À l’automne, les discussions aboutissent à un second accord interprofessionnel qui consacre « la cessation » de distribution de DVD autre que zone 2 au Grand-Duché de Luxembourg. L’accord prévoit trois phases : une première interdit toute commande de DVD zone 1 sur le marché mondial après le 30 octobre 2006. Une seconde phase prévoit un sursis jusqu’au 30 avril pour l’écoulement des vieux stocks, d’où les braderies à moins de cinq euros le DVD dans les supermarchés du pays. Une troisième phase interdit la commercialisation pure et simple de DVD autres que zone 2 à partir du 1er mai 2007. Cet accord volontaire n’oblige pas ses contractants. Son respect est pourtant quasi total, mis à part un vidéothécaire récalcitrant du centre ville qui poursuit la location-vente de DVD zone 1 sous la pression, dit-il, de ses clients rois.
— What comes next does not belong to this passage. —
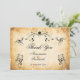 Decorative black swirls and flourishes frame this elegant rustic vintage typography wedding thank you card design. The rustic ivory background is printed with a textured aged parchment paper appearance. Personalise your text on the front cover and the text inside with a custom message.
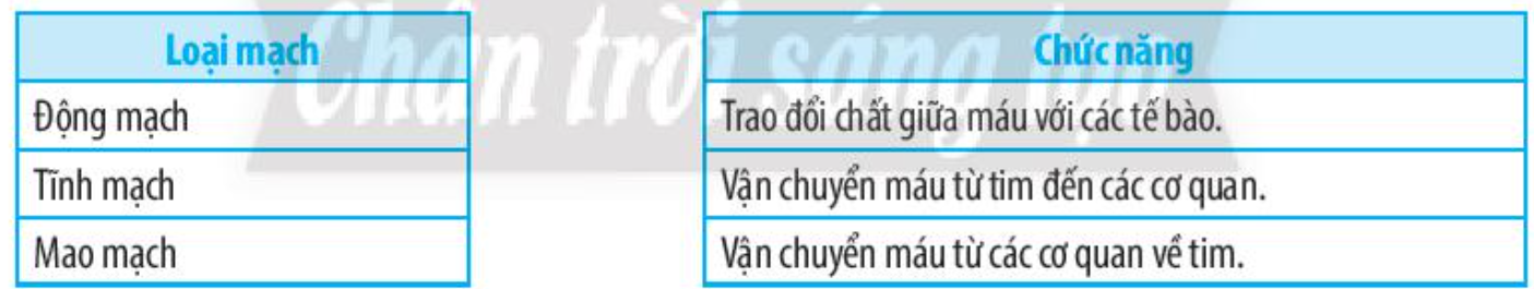 Bài 30.5 trang 74 SBT Khoa học tự nhiên 7: Hãy ghép chức năng của các loại mạch máu trong hệ tuần hoàn ở người.

Cet accroc peut-il faire basculer l’accord d’octobre 2006 et inciter à nouveau les grandes enseignes à remettre des DVD zone 1 dans leurs linéaires, au risque d’un procès retentissant, mauvais pour l’image de marque ? La BAF ne leur en laissera probablement pas le temps. La fédération vient en effet de rappeler à l’ordre l’exploitant du magasin de vidéo en le menaçant d’une action en cessation devant la juridiction civile. « Tout ce qui nous intéresse c’est de nettoyer le marché luxembourgeois,» souligne Ryk Reynaers. Que ce soit au kärcher ou avec les gants blancs des grands diplomates. C’est le résultat qui compte.